This article was published on May 21, 2012

Twitter releases small business guide tailored to the British audience


Twitter releases small business guide tailored to the British audience

Twitter has just celebrated its first year anniversary for its London office with impressive stats including 10m active users in the UK. To further support for its British users, the microblogging service has released a UK Small Business Guide with advice for use and examples of past success.

There is already an existing US guide for small businesses that appeared earlier this year and this new edition is more closely aligned with the UK audience. Oddly, the guide appears to carry the hashtag #LDNlocal too. Though this may be a reflection of where Twitter’s offices are located in the UK, it’s not terribly inclusive for the rest of the nation.

The guide itself is downloadable as a PDF. Be sure to make your location clear to ensure that you get the right edition. Twitter name, email and business registration details are required to get your paws on a copy.

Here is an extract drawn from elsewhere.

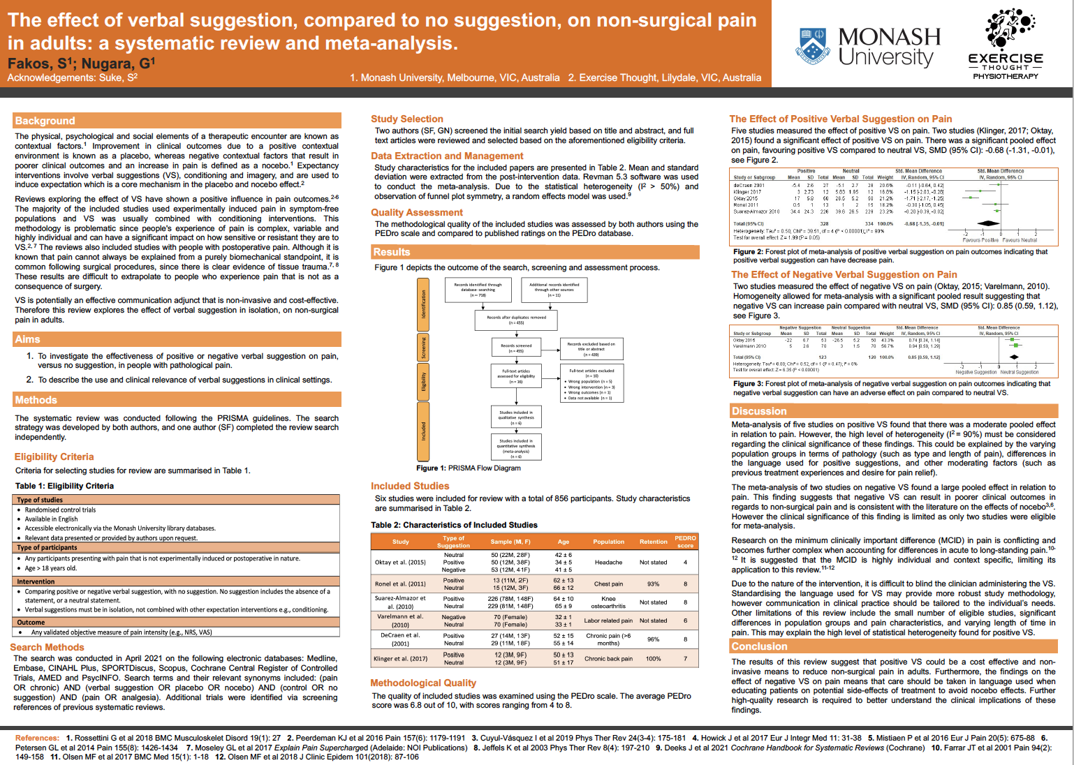 compared to no suggestion, on acute pain in routine clinical settings: a systematic review and meat-analysis.

The introduction to the guide goes through the example of @BigGreenBooks, the business that needed a boost from customers and sent out a tweet that saved the shop. You can read more about this on the Twitter UK blog. It’s a good case study which shows how local businesses can leverage their communities through short form communication.

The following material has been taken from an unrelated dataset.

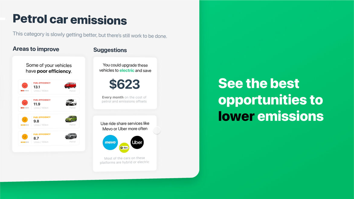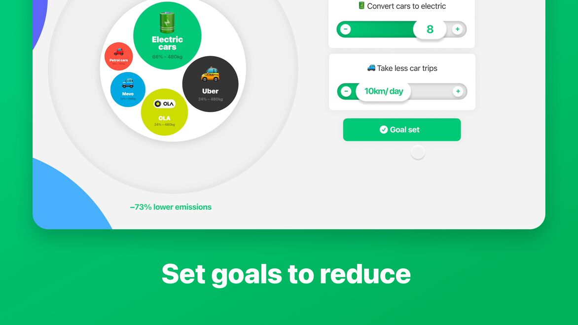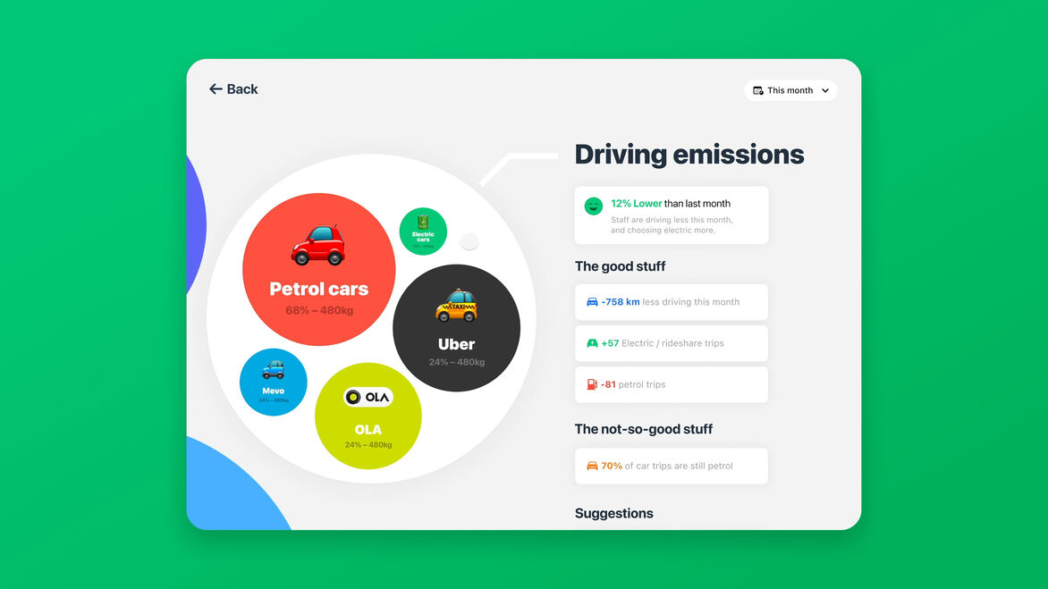 The next step is to start reducing your emissions. After you see what areas of your business are contributing the most, you can tap to see more detail about each category. Greenscale proactively provides smart suggestions on what the most impactful changes in your business might be – and importantly helps you create and stick to reduction goals, while tracking your progress over time.

Naturally the rest of the guide provides a walk-though on how to create accounts, what to say and where to start approaching twitter for business.

Though the personal touch is what makes businesses popular on Twitter, (that or free beer) there are differences between personal accounts and business accounts that should be acknowledged. This document helps to set that out clearly as well as providing some handy stats to back up the instructions.

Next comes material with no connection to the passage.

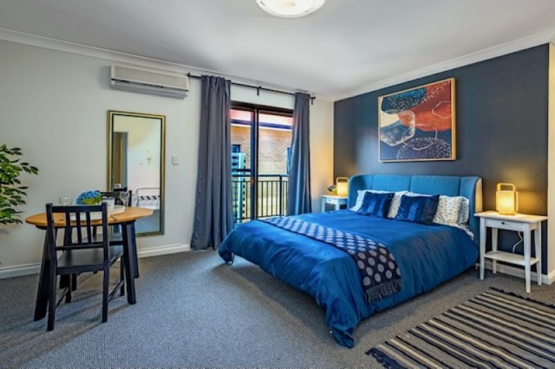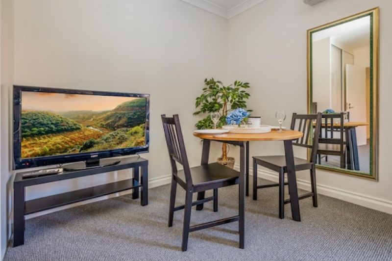 The spacious studio apartment has a living-dining area with kitchenette, a built-in robe, ensuite bathroom and large glass doors out to the balcony. Good sized laundry off entrance hall.

Most habitual and long-time users of Twitter might not find all of the information entirely novel. But then those uses will have become accustomed to the service through its various iterations and changes.

Coming to Twitter with a business as an untrained user can be daunting; it’s one thing to tweet out a garbled message from your own account but many small business need to nurture growth based on their reputation, so they want to get things right.

This guide is a fair starter kit for people hoping to become more familiar with the service. Before they know it, there could be an army of followers checking out multimedia posts and dropping in to local businesses based on the short form updates that arrive on their screens every day.

If you are new to the Twitter world and want to join the many companies that have found success on the platform, or if you think you know it all but fancy a different look at the way things run, download the guide and remind yourself why we’re all still updating in the digital stream.